かつて渋谷に、「ジァンジァン」というライブハウスが存在した。
1969年~2000年まで、公園通りの山手教会の地下にあった、収容観客数200人に満たない前衛小劇場だ。(現在は喫茶店「ルノワール」になっている。)

20代前半頃だったと思うが、ここで伊藤多喜雄のライブを観た。
民謡という、自分にはおよそ縁のないジャンルの歌い手だったから、多分誰かに誘われたか、チケットをもらったか…といった動機だったと思う。
まったく何の予備知識もなく観たライブだったが、彼の「ソーラン節」には背筋が震えた。それは、「歌」というより、これまで聴いたことがないような「絶唱」だった。「民謡とはこれほど凄いものだったのか」という強烈な印象があったことを覚えている。

伊藤多喜雄は、1950年北海道苫小牧市生まれの民謡歌手だ。
そもそも「民謡歌手」という存在自体、彼を除いてほかに知らない。
彼が歌っているのはまぎれもなく民謡だが、その歌は既成の「民謡」と呼ばれるジャンルを超えているように思える。陳腐な表現かもしれないが、「日本ソウル・ミュージック」というイメージに近いのではないだろうか。
一時は民謡協会から破門されていたというが、それも今となっては勲章に思える。

小室等、坂田明、佐藤允彦、溝口肇など、さまざまなジャンルのミュージシャンとの交流や共演も多く、代表曲である「ソーラン節」は、札幌YOSAKOIソーラン祭りにも使われている。
「民謡」の枠にとらわれず、新たな「民謡」の可能性を求めて独自の活動を続けている伊藤多喜雄だが、1989年と2003年に紅白歌合戦に出演し、全国的に知られるようになった。

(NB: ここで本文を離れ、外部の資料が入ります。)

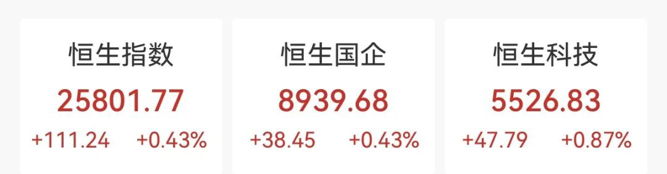 截至收盘,恒生指数上涨0.43%,报25801.77点;恒生科技指数上涨0.87%,报5526.83点;恒生中国企业指数上涨0.43%,报8939.68点。
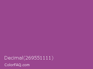 Decimal 269551111 Color is a normal magenta color and the nearest color is Plum #8e4585. Hex code #9a468f and RGB value is rgb(154,70,143). In RGB color space, this color is composed of 60% red, 27% green, 56% blue, In CMYK color space, this color is composed of 0% cyan, 55% magenta, 7% yellow , 40% black , In HSL color space, this color has a hue angle of 308° , 38% saturation and 44% lightness.

とは言え、彼の歌が最も知られるようになったのは、『3年B組金八先生』の第5シリーズ(1999年秋~)以降で「TAKIO'S SOHRAN2」が挿入歌として使用されるようになってからだろう。このソーラン節は、1994年に第10回日本民謡民舞大賞も受賞している。
ちょっと意外だが、最近は洗足学園大学で客員教授も務めているらしい。

個人的には、かつて「ジァンジァン」で聴いたシンプルなアレンジの「ソーラン節」の方が、彼の歌唱力が活きているように思えて、気に入っている。
当時の歌に近いイメージで収録されているのが、自主製作版のCD「TAKiO SPIRIT」だ。
さすがに迫力ではライブに及ばないが、伊藤多喜雄の原点とも言える作品に仕上がっており、ファンの間でも人気が高い。

元々、音楽はジャンルにはこだわらず広く聴く方だったが、彼の歌を聴いて以来、「食わず嫌いはやめよう」との思いが一層強くなった。

ちなみに、彼が大好きなのは、お酒野球と聞いている。